Compatibility Consideration:
As Peter noted, [( has the same class of compatibility issue that $()
faces - both break rare but valid existing syntax. Worth considering
in the design.
A Question:
I'm curious - in earlier discussions, I thought you were exploring
[{...}] syntax. What led you to shift to [(..)]? The brace version
seemed interesting as an alternative approach.
Quote-in-Braces Issue:
You mentioned "a quote inside braces would create an error" as a flaw
in the basic parsing. Could you provide a specific test case that
demonstrates this?
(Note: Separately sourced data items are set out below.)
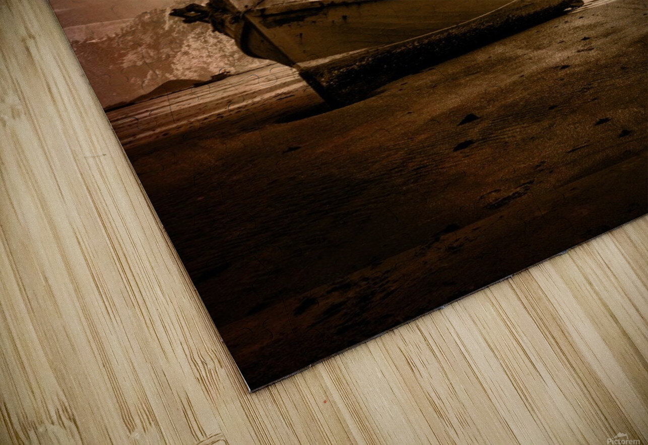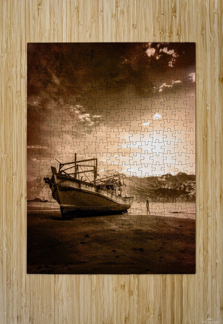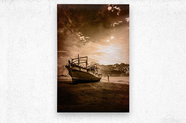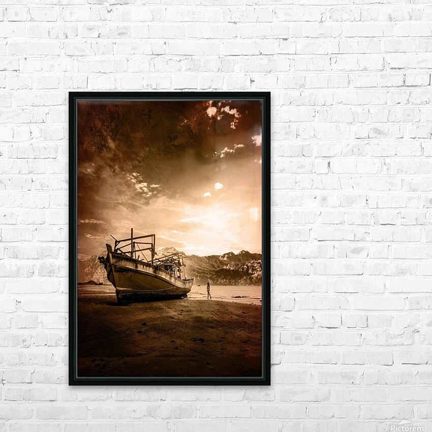 Old Ship on the seaside and woman  HD Metal print with Floating Frame on Back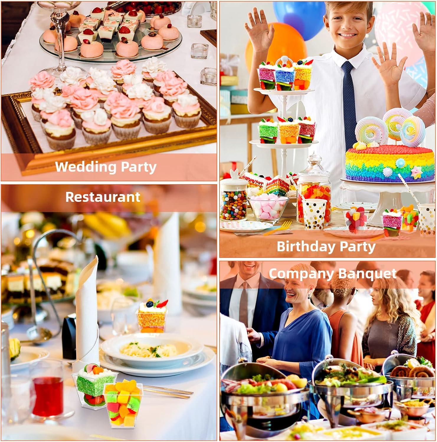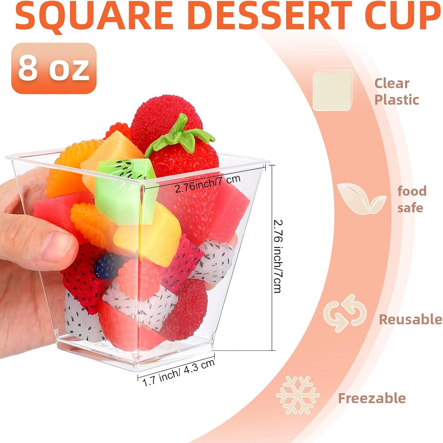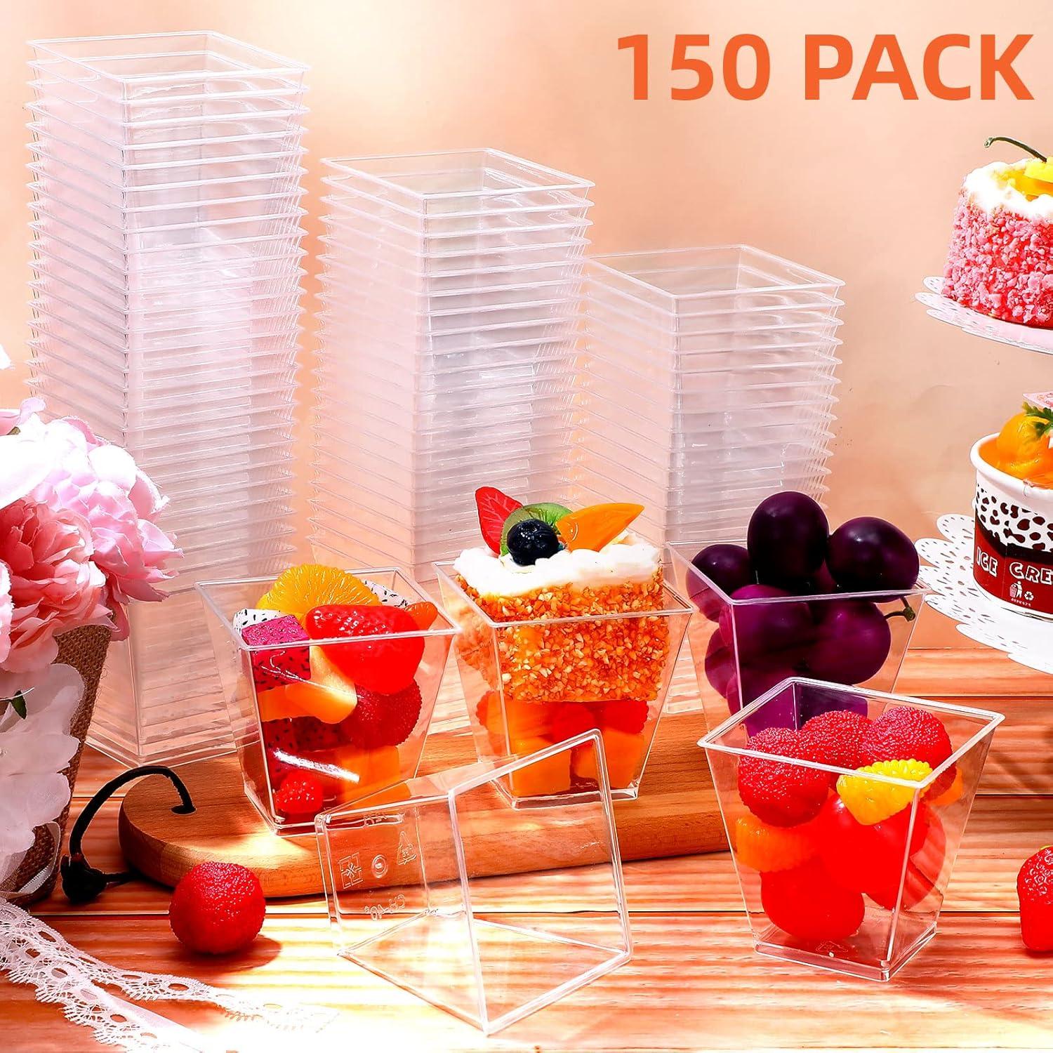 What You Get: this party package include 150 count 8oz dessert cups, treating your guests by easily adding a dash of simple yet elegant square dessert cup with lid to your party decorations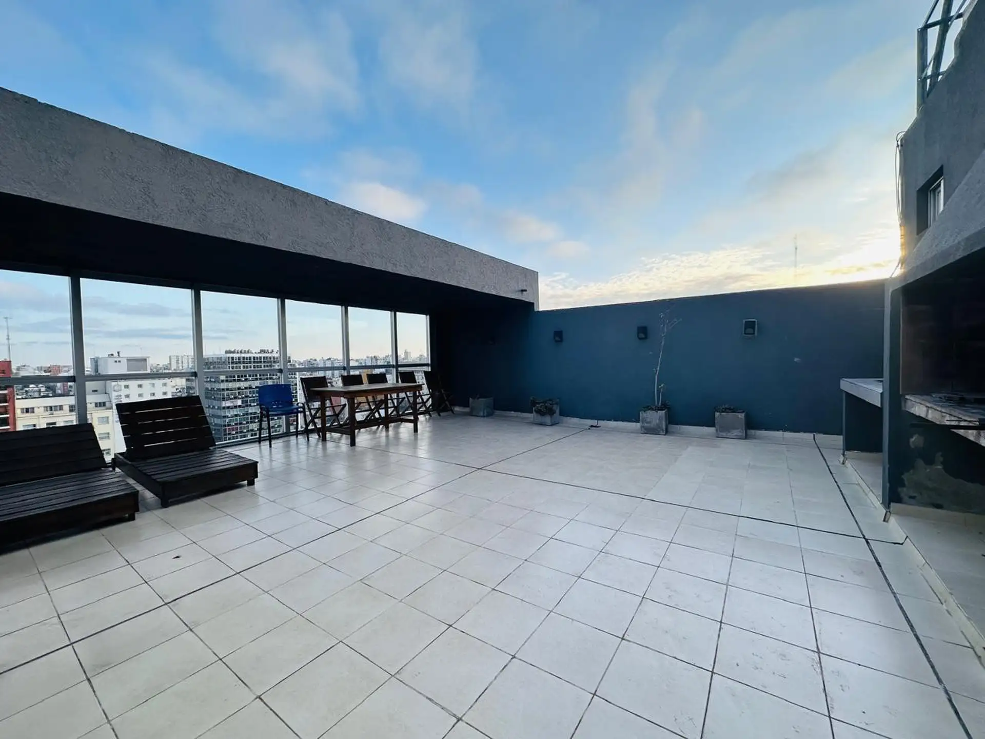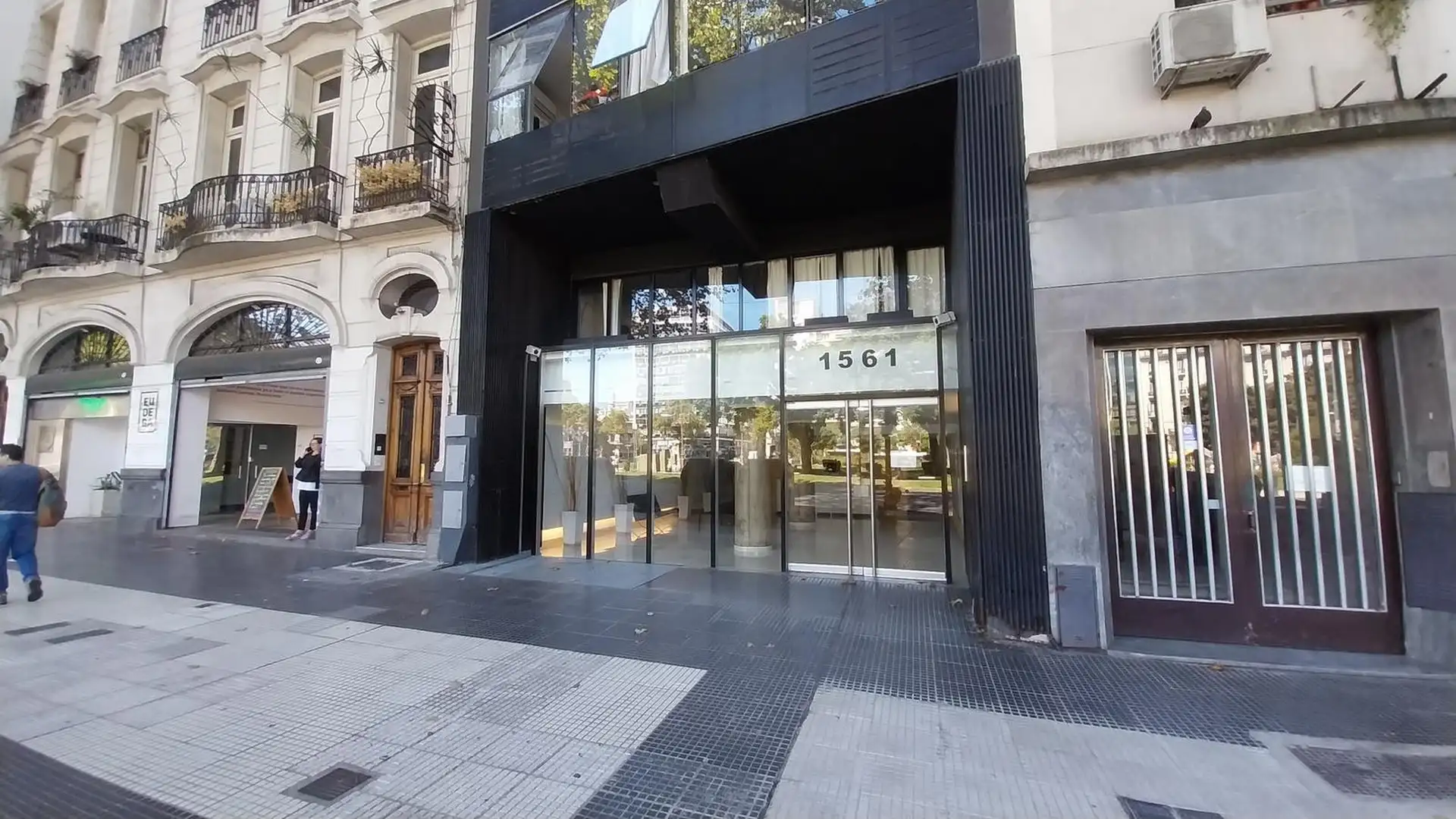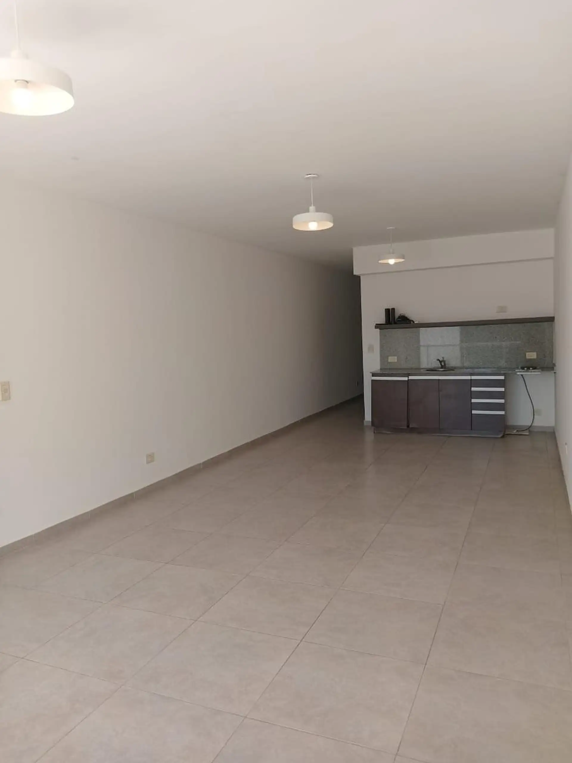 Квартира-студия площадью в описании не указана, с окнами на север. В гостиной есть кафельный пол белого цвета и большое окно с выходом на балкон. Кухня в американском стиле: гранитная столешница серого цвета, нижние тумбы с навесными секциями и электрическая варочная панель на 2 конфорки. Полная ванная комната с умывальником и ванной, установлен кондиционер холод/тепло (сплит). Коммунальные платежи здания включают AYSA. В здании несколько лет назад отделка, есть общая терраса с зоной гриля и общ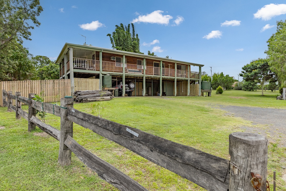 Just relax enjoying at beautiful river view overlooking Mary river and sugarcane fields on the front veranda. Just feel so free and chill out completely watching boats sail by with fantastic beautiful sunsets. Great for Honeymoons and families. Enjoy the lovely 7-acre gardens and fruit trees with river access and dams with birdlife. Have BBQ with outdoor sitting area or sit around the large fire pit. A peaceful quiet location between Maryborough and Hervey Bay in the peaceful river view.

In my testing with $=:
% set foo $=([string length {text with "}])
11
This works correctly, since the paren-matching algorithm treats braces
as literal characters within expressions. Which of the three TIP 672
modes $( vs $= vs $(()) did you test? I'd like to understand what edge
case you've identified so I can verify and address it if needed.
Nested Expression Substitutions:
I noticed your nested example. I'm curious whether nesting is a
requirement of your implementation, or if you're demonstrating it as a
feature? With expression shorthand, nesting typically isn't necessary
since regular parentheses already provide grouping within expressions.
One of the design goals for TIP 672 was to keep the syntax simple by
not requiring nestability - the existing expression syntax handles
grouping naturally. Is there a use case where nestable expression
substitutions provide an advantage I'm missing?
Thanks again for contributing to this discussion!
Best regards,
Eric
On Wed, Oct 29, 2025 at 7:45 AM Florent Merlet <flo...@gm...>
wrote:
> Hi dear Tcl community,
>
> An Expr shorthand syntax has been a long time demand between us.
>
> Those discussions always focus on the syntax aspect of the subject :
>
> - Like in bash $(...) or $((...))
> - Through an alias [= ...]
> - A new command (vexpr or let)
> - A word prefix {=}
> - ...
>
> A lot of TIPs exists on that matter. Numerous discussions occurs, which
> never ended to get a consensus.
>
> That's because the look of this shorthand is a matter of taste. Everybody
> has his own taste. Some people like fish when it's cooked in water, some
> people like it when it's fried. Some people even don't like fish at all !
> Every taste is in the nature.
>
> Everybody can agree that Tcl is a big and complex machinery, that must be
> handled with care. So maybe the problem must be taken the other way round :
>
> - Shall we deduce the Tcl C source code machinery from a new syntax,
> we had previously decided (the one doesn't make consensus)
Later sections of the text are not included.